Write again exactly the lines in the listing below, starting at the line with "Вертикальный средний длинный" and ending at the line with "The American kitchen", both included. Pictures are not copied.
══ Extracted data
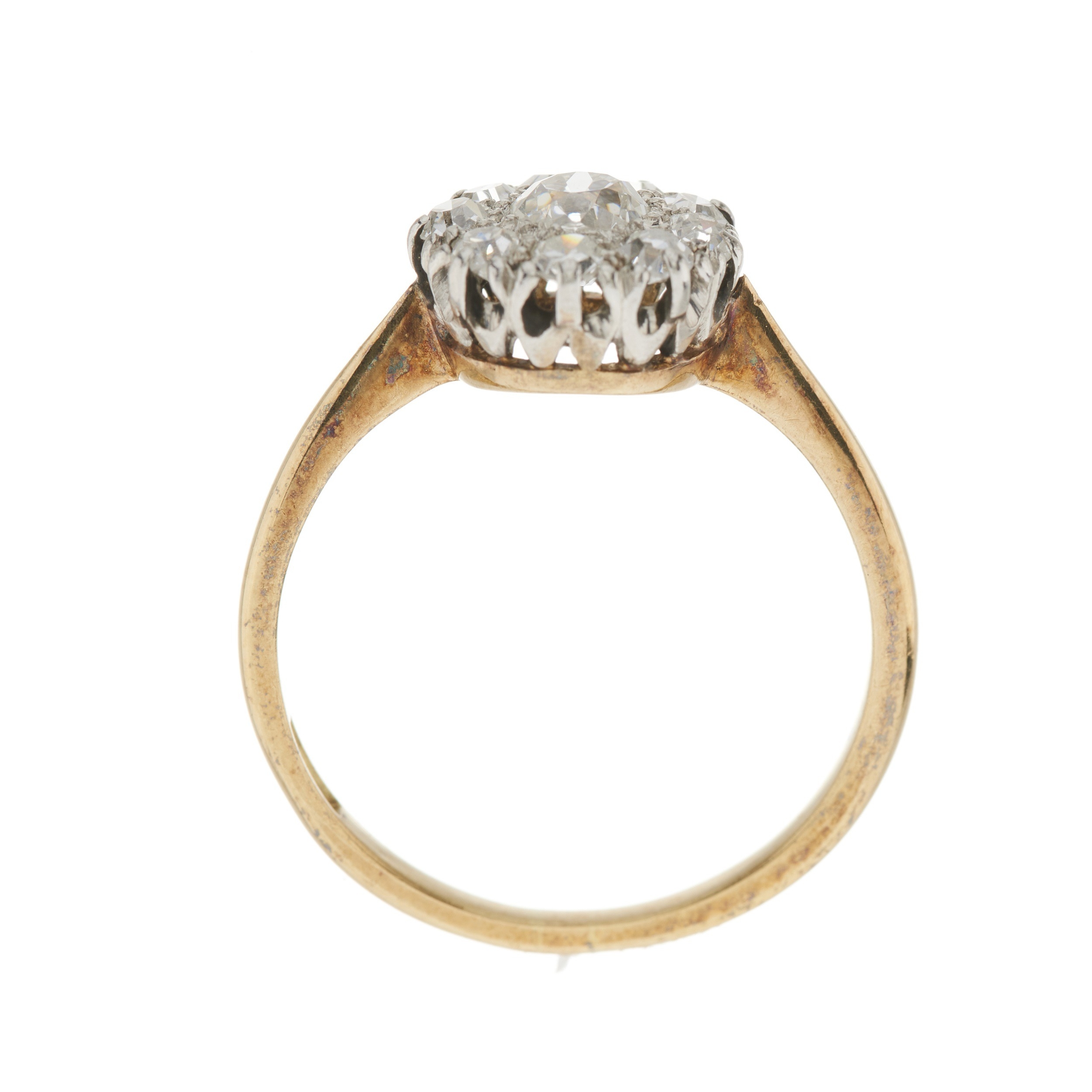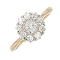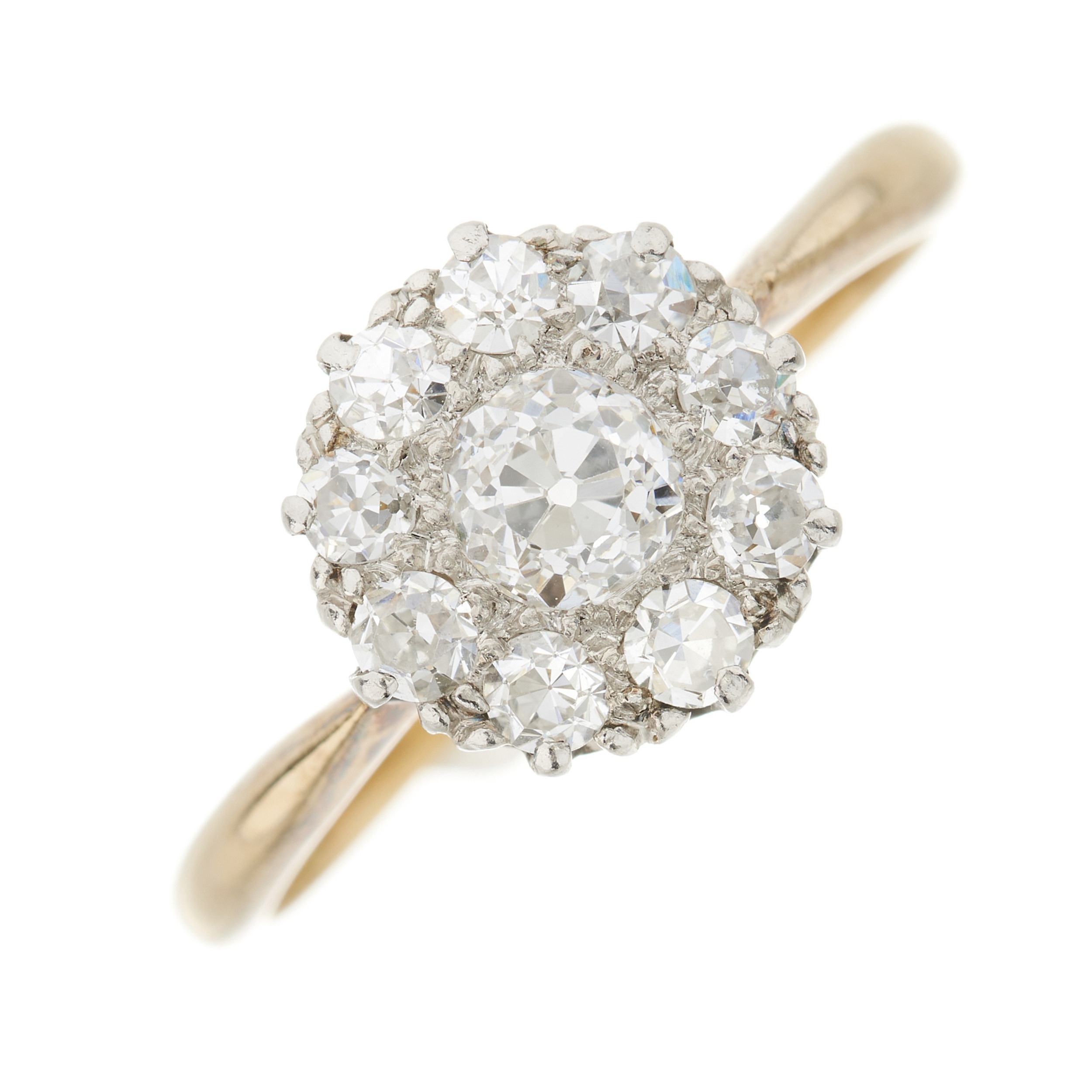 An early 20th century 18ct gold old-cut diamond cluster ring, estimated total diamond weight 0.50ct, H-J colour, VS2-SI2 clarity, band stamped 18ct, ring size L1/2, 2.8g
════
══ Extracted data
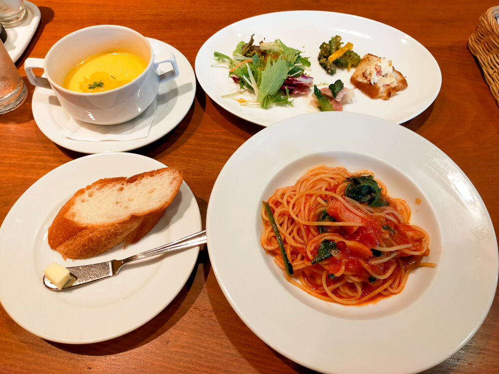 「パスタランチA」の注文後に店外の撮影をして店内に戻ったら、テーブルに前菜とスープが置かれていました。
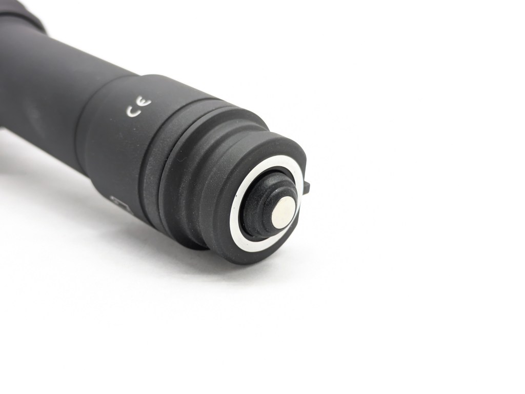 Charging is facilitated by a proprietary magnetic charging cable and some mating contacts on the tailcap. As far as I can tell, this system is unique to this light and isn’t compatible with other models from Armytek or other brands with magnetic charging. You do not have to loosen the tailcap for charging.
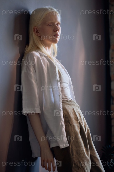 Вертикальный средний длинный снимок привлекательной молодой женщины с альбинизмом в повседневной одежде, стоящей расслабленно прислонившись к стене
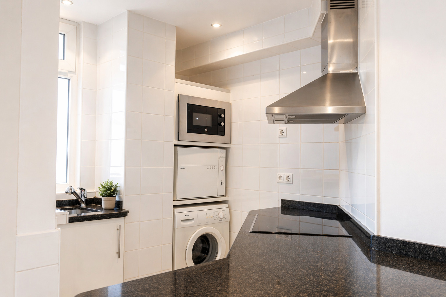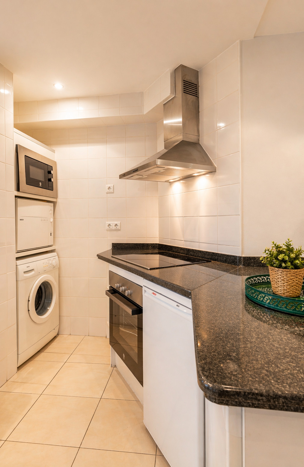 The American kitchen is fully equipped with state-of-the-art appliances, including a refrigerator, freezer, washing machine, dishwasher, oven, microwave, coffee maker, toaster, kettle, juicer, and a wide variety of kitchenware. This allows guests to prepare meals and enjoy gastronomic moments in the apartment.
════
* Solution below *
 Вертикальный средний длинный снимок привлекательной молодой женщины с альбинизмом в повседневной одежде, стоящей расслабленно прислонившись к стене
 The American kitchen is fully equipped with state-of-the-art appliances, including a refrigerator, freezer, washing machine, dishwasher, oven, microwave, coffee maker, toaster, kettle, juicer, and a wide variety of kitchenware. This allows guests to prepare meals and enjoy gastronomic moments in the apartment.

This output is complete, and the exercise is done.